How is hot-desking affecting social workers?

Hot-desking is becoming more prevalent as councils attempt to cut millions of pounds from their budgets. But how can social workers survive the experience? Kirsty McGregor reports

Hot-desking is becoming more prevalent as councils attempt to cut millions of pounds from their budgets. But how can social workers survive the experience? Kirsty McGregor reports

Hot-desking: for many social workers, it’s a dreaded concept. Some lament the way it makes them feel, as if they aren’t important enough to have their own space. “Like less of a practitioner,” says Emm, a user of CareSpace, Community Care’s online discussion forum. For others, the drawbacks are more practical. “The worst thing about hot-desking is when you log on and find out the computer has a bug, and you have to waste time trying to get IT to sort it out,” one social worker tells us anonymously.

More employers are reducing the desk-to-staff ratio to save space, and therefore money. A snapshot poll by Community Care earlier this year revealed six out of 10 social workers have to hot-desk. Responding to the results, Helga Pile, Unison’s national officer for social work, said hot-desking “ramped up the stress levels in an already very challenging job”.
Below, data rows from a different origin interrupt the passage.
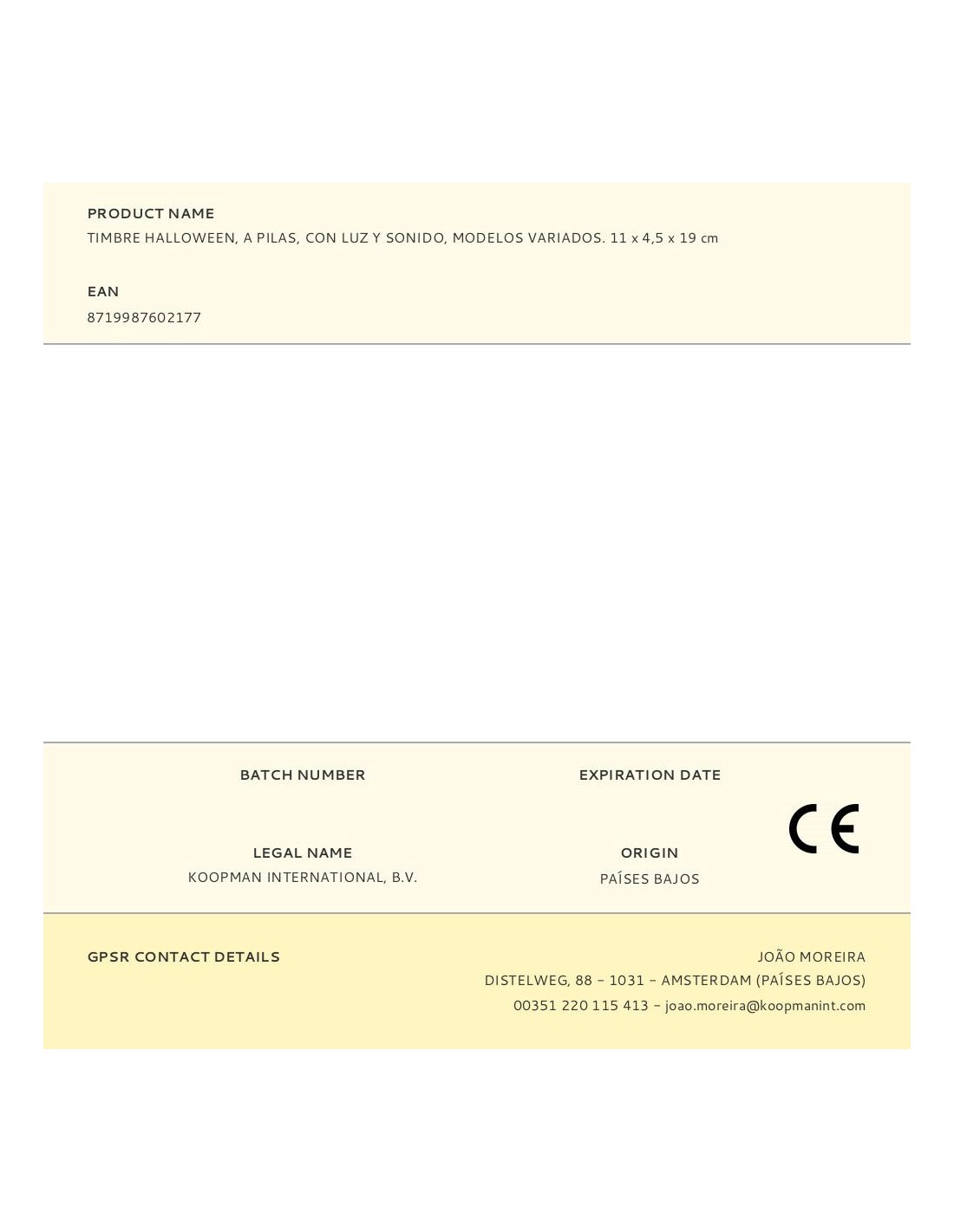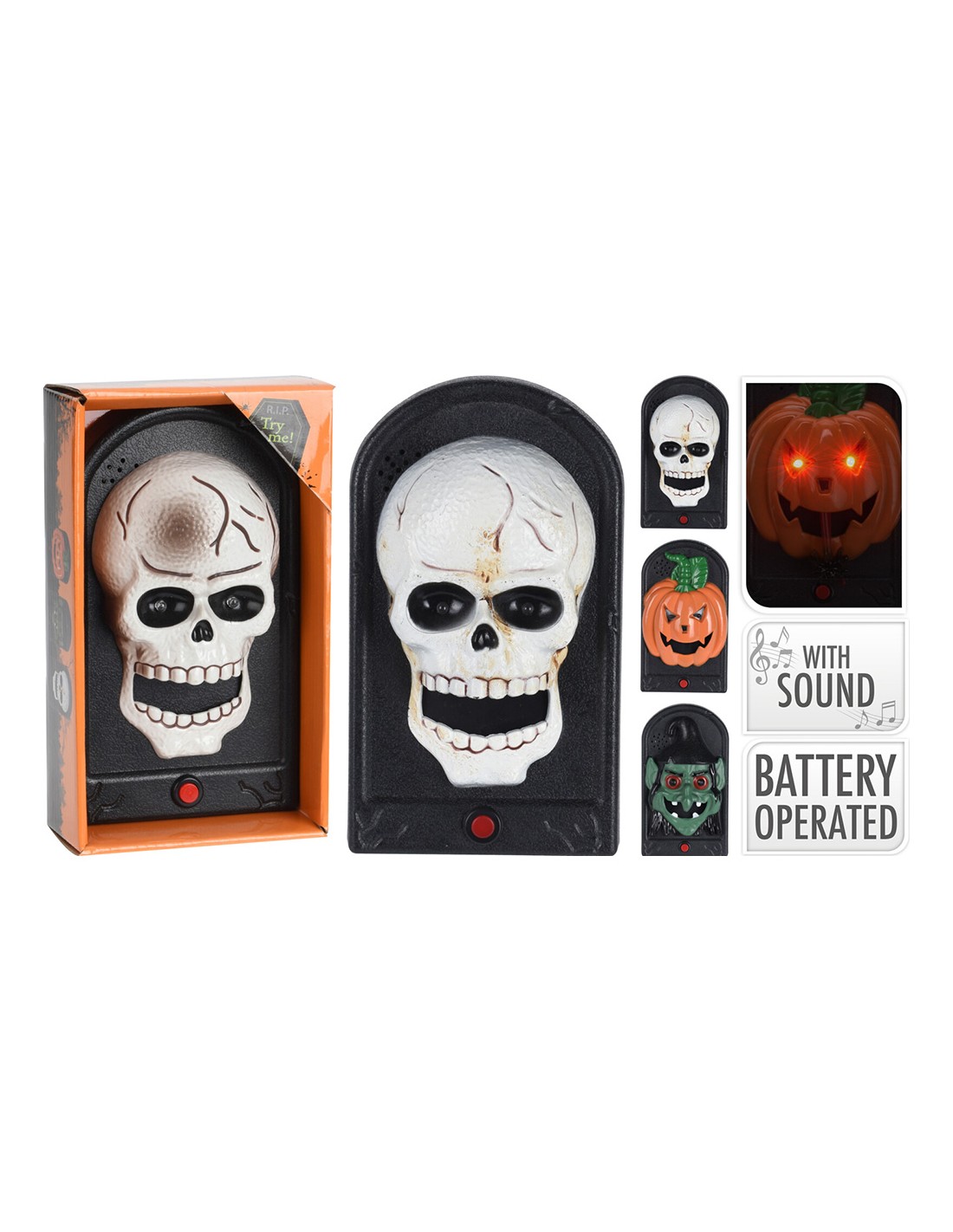 Timbre halloween, con luz y sonido, funciona con pilas 3 x aaa incluidas, modelos variados, 11 x 4,5 x 19 cm
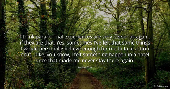 Corr, Andrea. "I think paranormal experiences are very personal, again, if they are that. Yes, sometimes I've felt that some things I would personally believe enough for me to take action on it... like, you know, I felt something happen in a hotel once that made me never stay there again." FixQuotes. January 16, 2026. https://fixquotes.com/quotes/i-think-paranormal-experiences-are-very-personal-100654/.
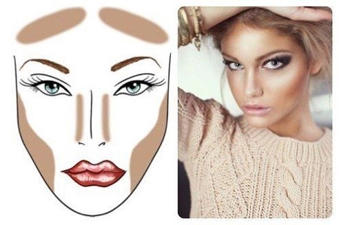 Шаг 1 Нанесите хайлайтер на скулы, середину лба, под глазами, по центру носа, на брови и вдоль линии подбородка.

But not all social workers resent sharing desk space with colleagues.

“By hot-desking, I have worked with a range of professionals, and my knowledge has expanded significantly,” says JessS on CareSpace. “I am more organised and have more control of my diary.”

The College of Social Work is planning to work with employers on hot-desking best practice later this year. In the meantime, Community Care has some survival tips for social workers who find themselves without a fixed spot in the office.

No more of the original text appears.